There had been something unreal about the whole day, she reflected that evening, the alien light on the snow, the sense of desertion at Westbury Hall. She’d longed for the delightful Christmases of her childhood, for although there had been icicles, candles and a leaping fire in the grate today, and rich marzipan fruit cake, it was marred by bereavement and rumours of war. The innocence of those far-off days of her childhood was gone for ever.
Eleven
Jennifer Bulldock, who opened the farmhouse door on New Year’s Eve, was a tall girl, but awkwardly coltish rather than gracefully willowy.
‘Oh goody, Ivor, you’re just in time for Blind Man’s Buff.’ Her hearty voice competed with the yapping of the small terrier dog which she was trying to collar.
‘Maybe once I’ve got a drink inside me,’ Ivor laughed. ‘Jen, this is Miss Sarah Bailey and her sister Diane.’
‘Wonderful to meet you both. Do come in. Whoops, don’t mind Chester, he gets overexcited.’ The dog was making angry rushes at the newcomers, but Jennifer was finally able to nab him and bundle him into the arms of a maid who bore him away.
‘You’re very kind to have us,’ Sarah said, liking this girl immensely.
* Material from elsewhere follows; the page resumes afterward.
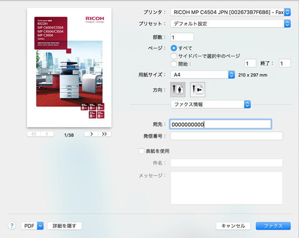 [あて先]にファクス番号を入力し、印刷設定をして、[ファクス]をクリックします。
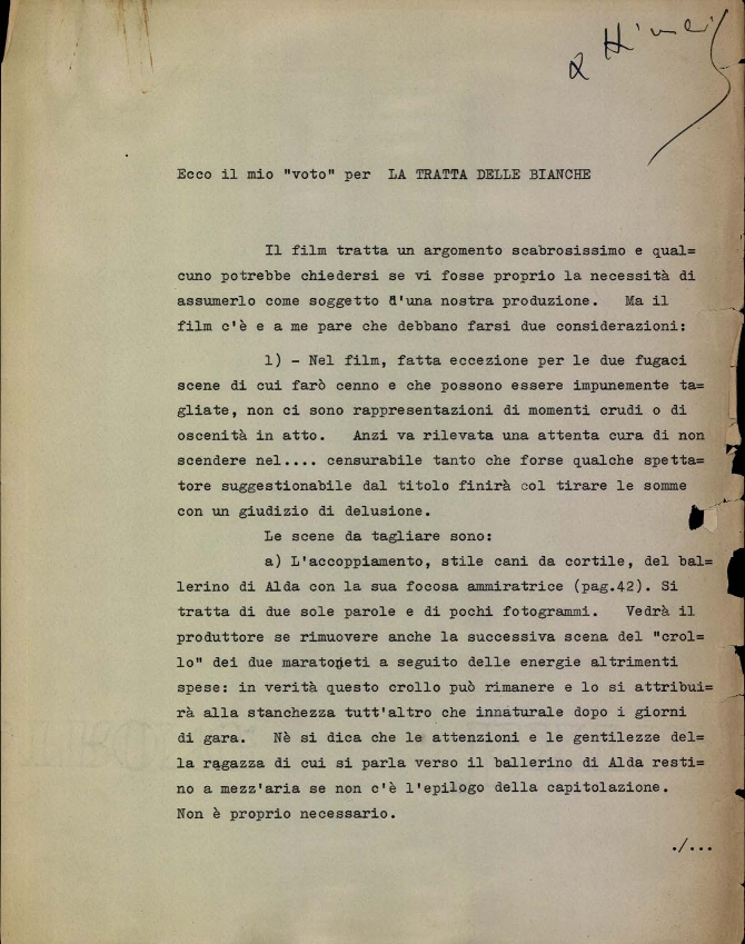 "Ecco il mio voto per 'La tratta delle bianche'", a firma di Giulio Andreotti

She possessed an air of good humour and took their hats and coats without any fuss before ushering them into a large cheerful drawing room where a scene of chaos greeted them. The furniture had been pushed to the walls and a dozen young people were crowding around a burly ginger-head in an ill-fitting dark suit. His blindfold, a ladies’ polka-dotted scarf, pushed his fringe up into a spiky halo.
‘He’s all yours, Harry!’ somebody shouted.